Fifty years ago, there was one type of retirement plan: a pension. And once you retired from your company with 25 years of service and a gold watch, you received a steady paycheck for the rest of your life. Today, there is a dizzying array of choices, and let’s be honest — very few of us are retiring with 25 years of service from anywhere.
The pension still exists, although most companies have done away with them. Pension plans are also known as defined benefit plans because, in the end, the paycheck you will receive (the “benefit”) is set, and the company has to fund it, no matter how much it ends up costing. Companies are moving away from this because, with stock market fluctuations and life expectancies growing, their bill is much more than they imagined.
The other alternative is a defined contribution plan. Defined contribution plans are much more attractive to employers because they contribute a certain amount (often a percentage of salary) and don’t have to worry about it.
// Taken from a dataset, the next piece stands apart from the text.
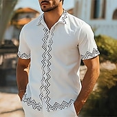 More information about Men's Geometric Line Shirt Casual Shirt Button Up Shirt Short Sleeve Fashion Casual Outdoor Vacation Streetwear Summer Spring Turndown 3D Print Collared Shirts White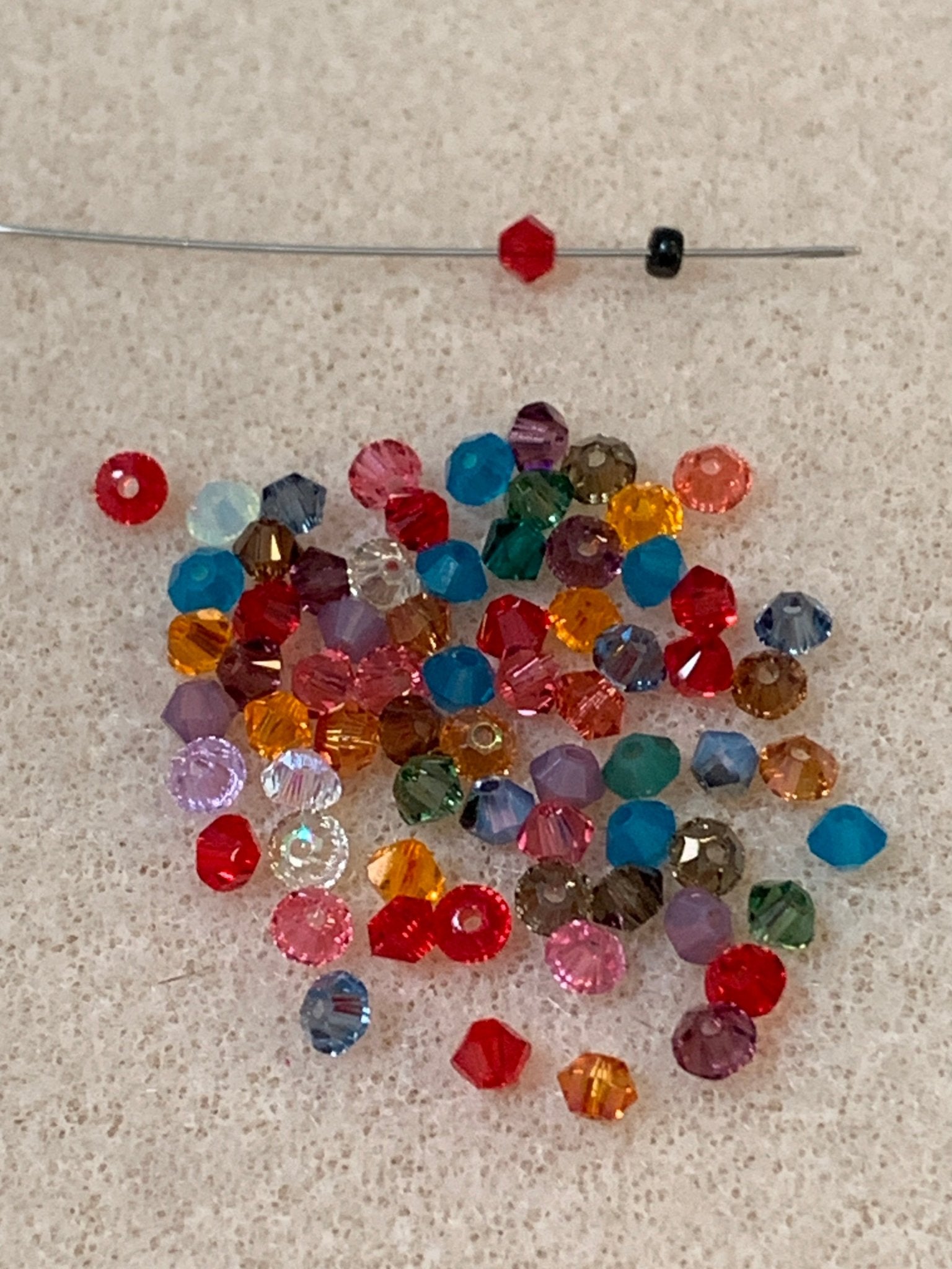 These crystals are 3mm bicones and come in a package of 1/2 gross (72 beads). Each mix is different; please allow for color differences.

Within defined contribution plans, however, there are several different types:
- 401(k) plans are run by an employer for the benefit of the employee. 403(b) plans are identical to 401(k)’s, except they’re run by a non-profit employer. (In case you were wondering, 401(k) and 403(b) are the subsections of the Internal Revenue Code where these items are addressed.)
- IRAs (Individual Retirement Arrangements) are the other primary type of defined contribution plan. Most IRAsare not tied to an employer—they are set up by an individual. (I say “most” because there are some types of IRAs—such as SEP and SIMPLE—that are arranged by an employer, but still funded totally by the employee.) Even within this category, there are different types.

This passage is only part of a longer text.